Assemblyman Dan Stec (R,C,I-Queensbury) has championed ethics reform since taking office in 2012. This week, Stec’s legislation to strip pension and retirement benefits from corrupt officials, Assembly Bill 4643, failed to advance in the Governmental Employees Committee. With only 10 days of session remaining, this meeting represented the first opportunity that any ethics reform bill was voted on this year.

“In 2015, hardworking New York taxpayers paid over a million dollars toward the pensions of corrupt officials,” said Stec. “The distrust of government officials is embarrassing, and nothing is being done about it.”
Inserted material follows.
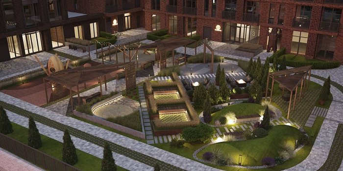 Двор в жилом комплексе Михайловский — это стильное и приватное пространство только для жителей. «Двор без машин»: плейхабы из натурального дерева, релакс зоны с дизайнерскими креслами и элементы геопластики — всё это формирует единое, уютное и, вместе с тем, высокотехнологичное пространство для отдыха, скрытое от посторонних глаз.
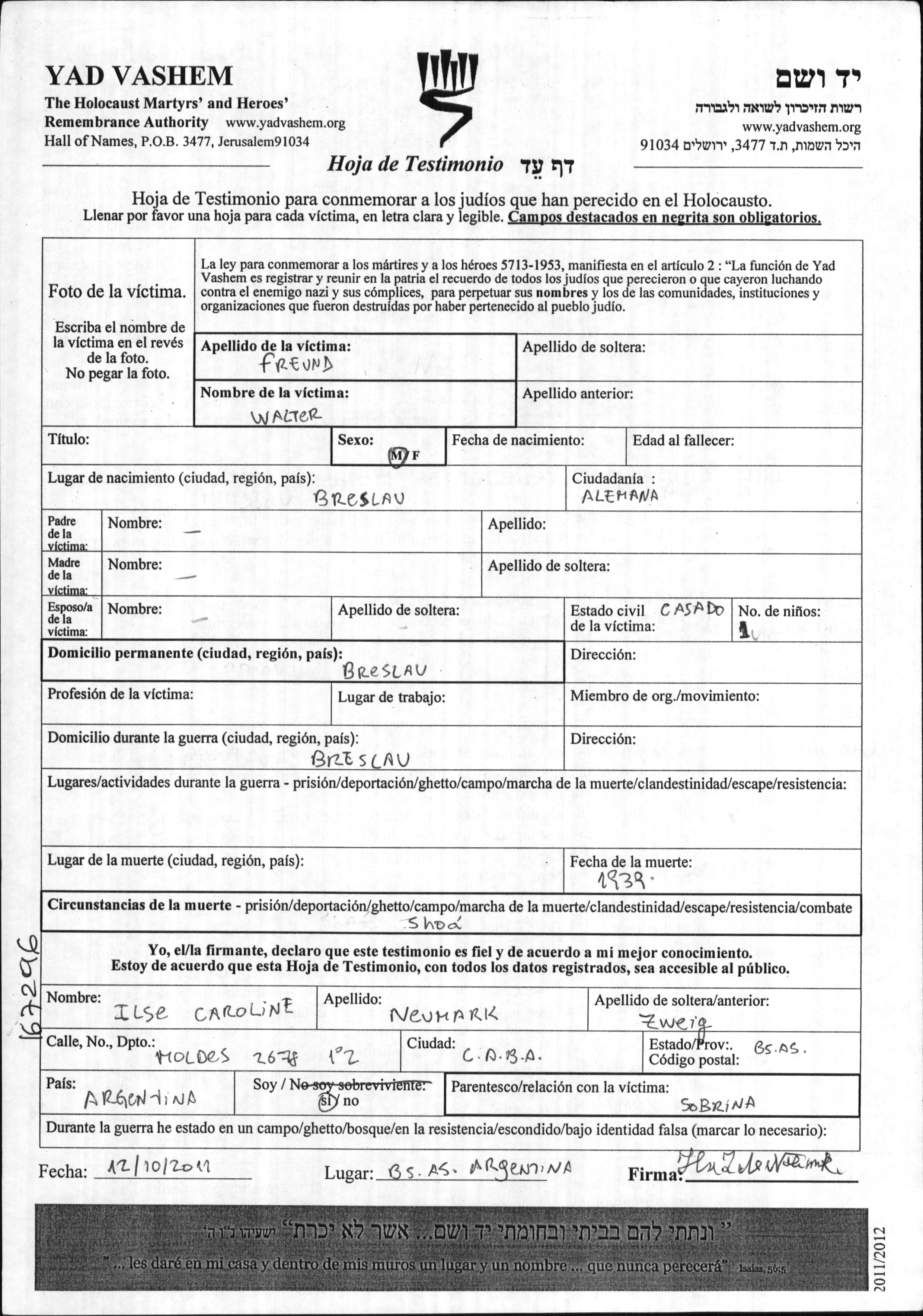 Walter Freund was born in Breslau, Germany. He was married. Prior to WWII he lived in Breslau, Germany. During the war he was in Breslau, Germany.

In the past, Stec has introduced legislation to replace the Joint Commission on Public Ethics (JCOPE) with an independent oversight panel and create a new crime for failure to report corruption. Stec also cosponsored legislation with Assemblyman Steve McLaughlin (R,C,I-Troy) to limit political contributions from companies bidding on government contracts, reduce maximum contributions to candidates and political committees, and impose eight-year term limits on legislative leaders

Stec works hard, using multiple mediums to communicate with his constituents, and time and again, the number one issue on their minds is ethics reform. In person and on social media, people are engaged and angry that Albany hasn’t delivered on this issue.

“Corruption in Albany has become a larger issue than jobs, economy, affordable housing and taxation, but there seems to be no sense of urgency among legislative leaders here in Albany,” said Stec. “My ethics reform legislation does not benefit Republicans or Democrats; it benefits the public for whom we work.”